Dispatches

Tuesday, May 22, 2007

Evening in Guankou

Row after row of dull blue glass sit restively between layer upon layer of the white tile that haunts the national architecture. The grating of their slides to the left and right only to be interchanged and replaced with a dull blue screen punctuates the silence. A change without change. Had I looked out another other window, I would've been rewarded with a static scene of half-prepared fields, flooded in anticipation of their seasonal guests, waiting between green hills, but such is the pull of a soft chair and a place to set my wine. Other sounds begin to rise, jumping into the evening fray, seeking to replace the sights of day with the sounds of night.

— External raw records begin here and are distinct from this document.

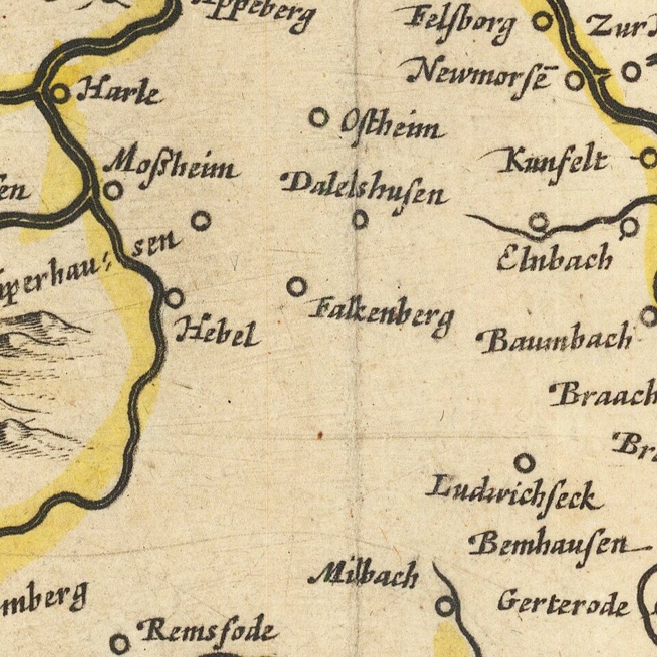 Antique engraved map of the Hesse region in Germany by Willem Janszoon Blaeu.
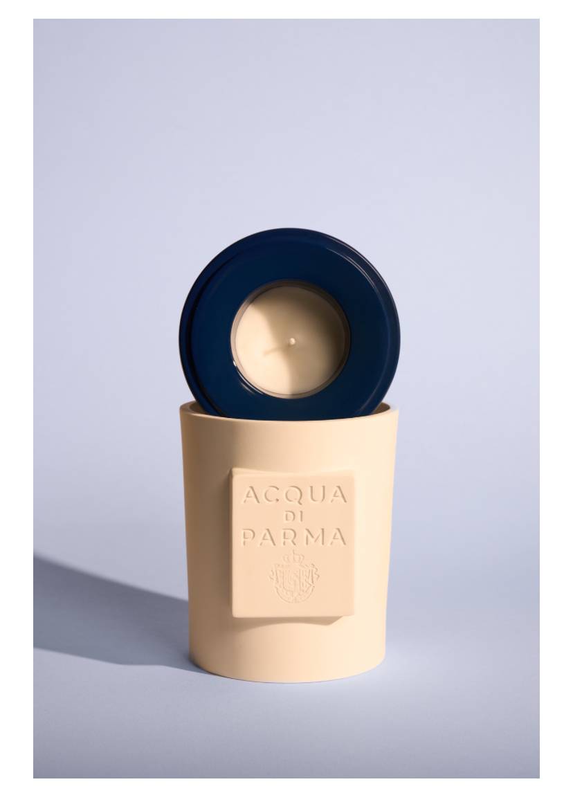 Hand-poured wax arrives in three radiant hues — yellow for Luce di Colonia, orange for Buongiorno, and blue for Mirto di Panarea. Each colour becomes part of the ritual: scent as atmosphere, object as art.
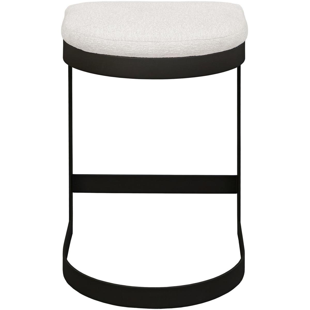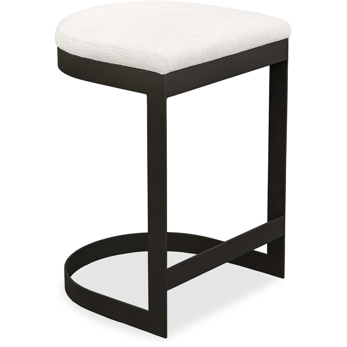 The Maude Outdoor Counter Stool Blends Industrial Style With Cozy Comfort, Featuring A Durable, Powder Coated Steel Frame In Java Black Paired With A Plush Cushion In Heavily Textured Taupe Gray Solution Dyed Acrylic Fabric.

The tinkling stir and the buzzing fry of a stir fry dinner whose other offerings to my senses are thwarted by the chasm between our buildings. The rumbling and booming of the fireworks cry out in a living example of what I had hoped to teach of onomatopoeia. As the day's final light escapes behind its nightime mountain home I'm finally left with the familiar battle between the frogs and cicadias for nightime supremacy.

Sunday, May 06, 2007

King Kong

"One country, two systems" is the mantra which defines Hong Kong's current relationship with mainland China. However, as an observer it remains far easier to see the "two systems" instead of the "one country." Crossing from the mainland to Hong Kong you pass through customs and stamp your passport just as you would in passing from one country to another. Trying to fly from one to the other you have to book an "international" flight. More personally, I noticed that over the last week or so I spent in Hong Kong that I constantly was refering to, and comparing things to, "China" as if it existed as an entirely seperate entity. The feeling, socially, intellectually, culturally, and in almost every other way, is in such great contrast to the mainland. Things about which we are banned from speaking and writing about here... are openly seen discussed, debated on the streets, in newspapers and outside metro stations. Speaking to those I met living in Hong Kong, there isn't the defensive reaction sparked from the tender insecurity in the mainlander's mentality if you should refer to the mainland as a seperate entity, and in it's place is what could almost be described as a sense of pride in the differences. A couple of newspapers articles from during my stay mocking the May holiday Golden Week influx of mainland tourists, their group shopping and individual squatting were evidence enough of this pervasive identity dynamic, although anyone who has so much as seen Hong Kong T.V. or films knows the stereotypes (often deserved) of the backwards mainlander.
Yet while all of this remains true and despite all the differences I think it's important to remember that today, Hong Kong is indisputably a part of the People's Republic of China. It's not important to remember for any political reasons, or for the reasons of national pride and collective identity that the government and those driving the approved social thought pushed in the approach to, and now ten years since, Hong Kong's return. Rather, it is for the reason that Hong Kong now in many ways represents the future of China, the possibility of what the rest of the nation can become. It is a place of comparative tolerance and acceptance both driven by and driving the internationalism with which it drips, embodied by the myriad of subcontinent copywatch hawkers, the African luggage salesmen, the Euros on holiday and of course the Hong Kongers who are an international mash in and of themselves. It's a place where no smoking means no smoking and one-way really means one-way; a place where I no longer feel on display and a place where, above all, they have cheesecake. I'll be back.